Description of the task
Set the data below down again, exactly, with every picture left out.
*** Begin section ***
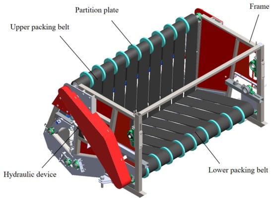 The packing device primarily consists of side panels, a lower packing conveyor belt, an upper packing conveyor belt, a hydraulic device, and a frame. Its structural diagram is shown in Figure 6. The lower and upper conveyor belts are joined at one end, forming a V-shaped internal surface. The packing roller is powered by the tractor’s output shaft via chain transmission. Residual film inherently exhibits adsorption and entanglement properties [26]. After entering the packing box, the residual film is driven by the friction of the lower packing belt to the bottom of the V-shaped section, pressing it against the upper packing belt. The friction between the upper belt and the film provides instantaneous acceleration along the belt surface, causing the film to flip backward. Repeating this process forms an initial core of the film bundle. As residual film continuously enters the packing box, the bundle diameter increases, achieving the film-rolling and bundling effect. After completing the film collection, the hydraulic device lifts the upper packing belt to open the film box for discharge.
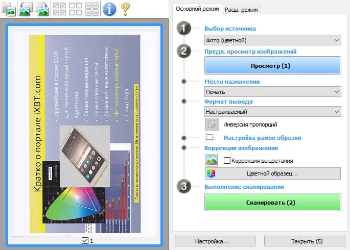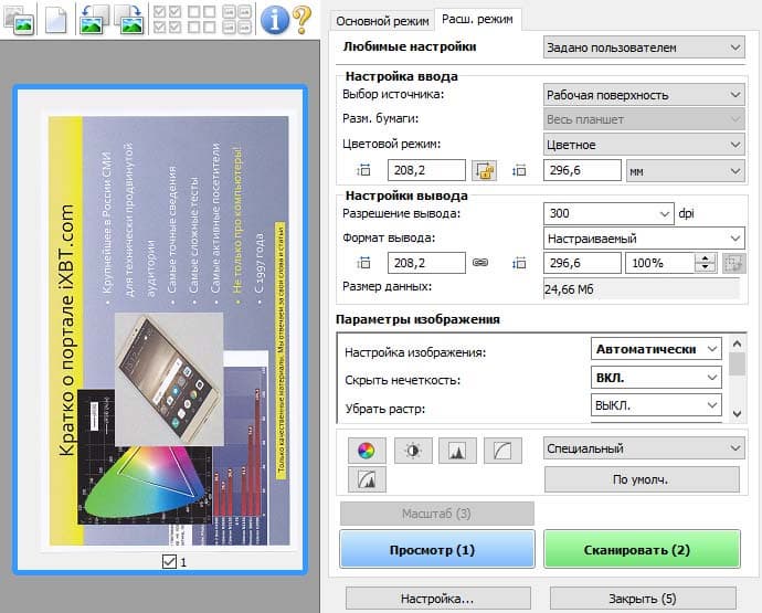 Регулировать интенсивность на комбинированных документах, особенно содержащих фотоиллюстрации, нужно с осторожностью: так, можно получить отлично читаемые тексты, но при этом фотографиии станут темными и малоконтрастными, к тому же может появиться фон. Установка «Авто» в таких случаях не способна дать оптимальное качество для всех элементов документа.
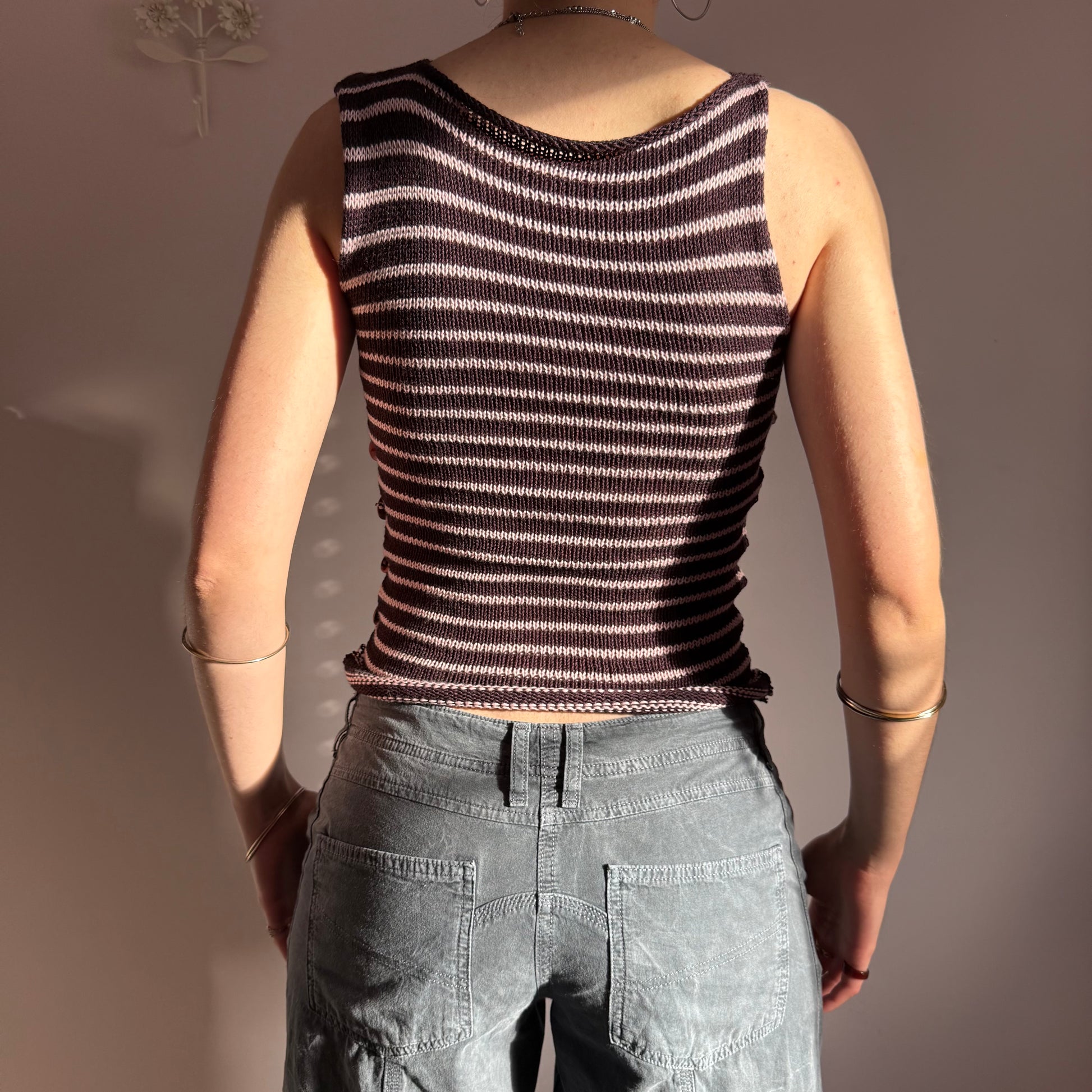 Handmade knitted Pearl Vest - aubergine and dusky pink striped (pre made in size XS).
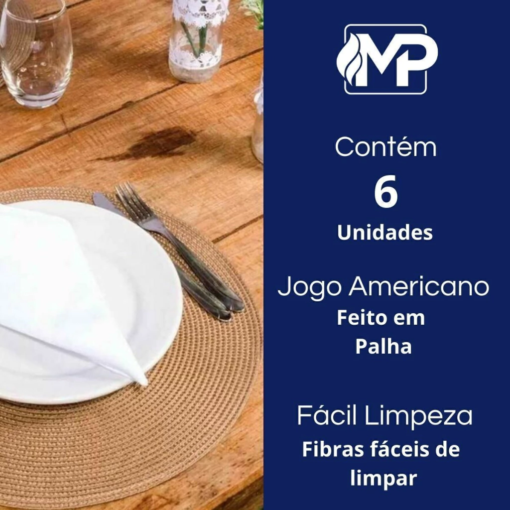 Kit 6 Jogo Americano Palha Redondo
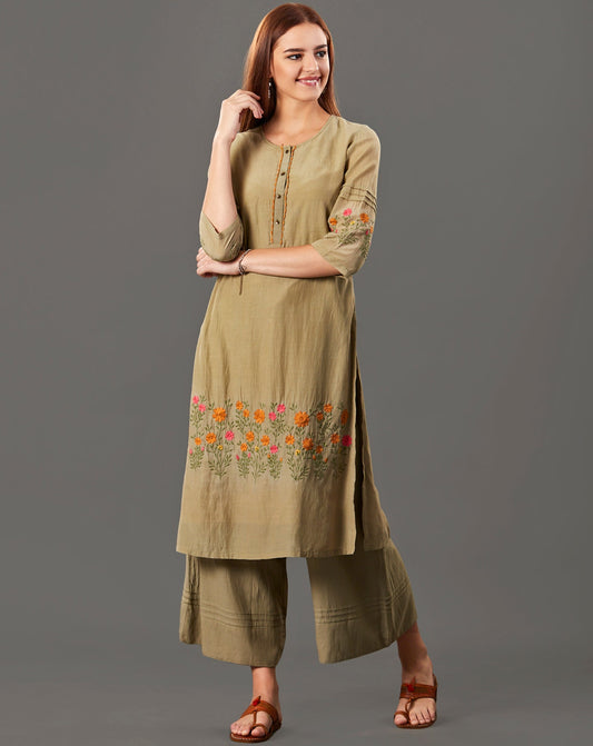OLIVE GREEN EMBROIDERED COTTON SILK KURTA
*** End section ***
Solution
 The packing device primarily consists of side panels, a lower packing conveyor belt, an upper packing conveyor belt, a hydraulic device, and a frame. Its structural diagram is shown in Figure 6. The lower and upper conveyor belts are joined at one end, forming a V-shaped internal surface. The packing roller is powered by the tractor’s output shaft via chain transmission. Residual film inherently exhibits adsorption and entanglement properties [26]. After entering the packing box, the residual film is driven by the friction of the lower packing belt to the bottom of the V-shaped section, pressing it against the upper packing belt. The friction between the upper belt and the film provides instantaneous acceleration along the belt surface, causing the film to flip backward. Repeating this process forms an initial core of the film bundle. As residual film continuously enters the packing box, the bundle diameter increases, achieving the film-rolling and bundling effect. After completing the film collection, the hydraulic device lifts the upper packing belt to open the film box for discharge.
 Регулировать интенсивность на комбинированных документах, особенно содержащих фотоиллюстрации, нужно с осторожностью: так, можно получить отлично читаемые тексты, но при этом фотографиии станут темными и малоконтрастными, к тому же может появиться фон. Установка «Авто» в таких случаях не способна дать оптимальное качество для всех элементов документа.
 Handmade knitted Pearl Vest - aubergine and dusky pink striped (pre made in size XS).
 Kit 6 Jogo Americano Palha Redondo
OLIVE GREEN EMBROIDERED COTTON SILK KURTA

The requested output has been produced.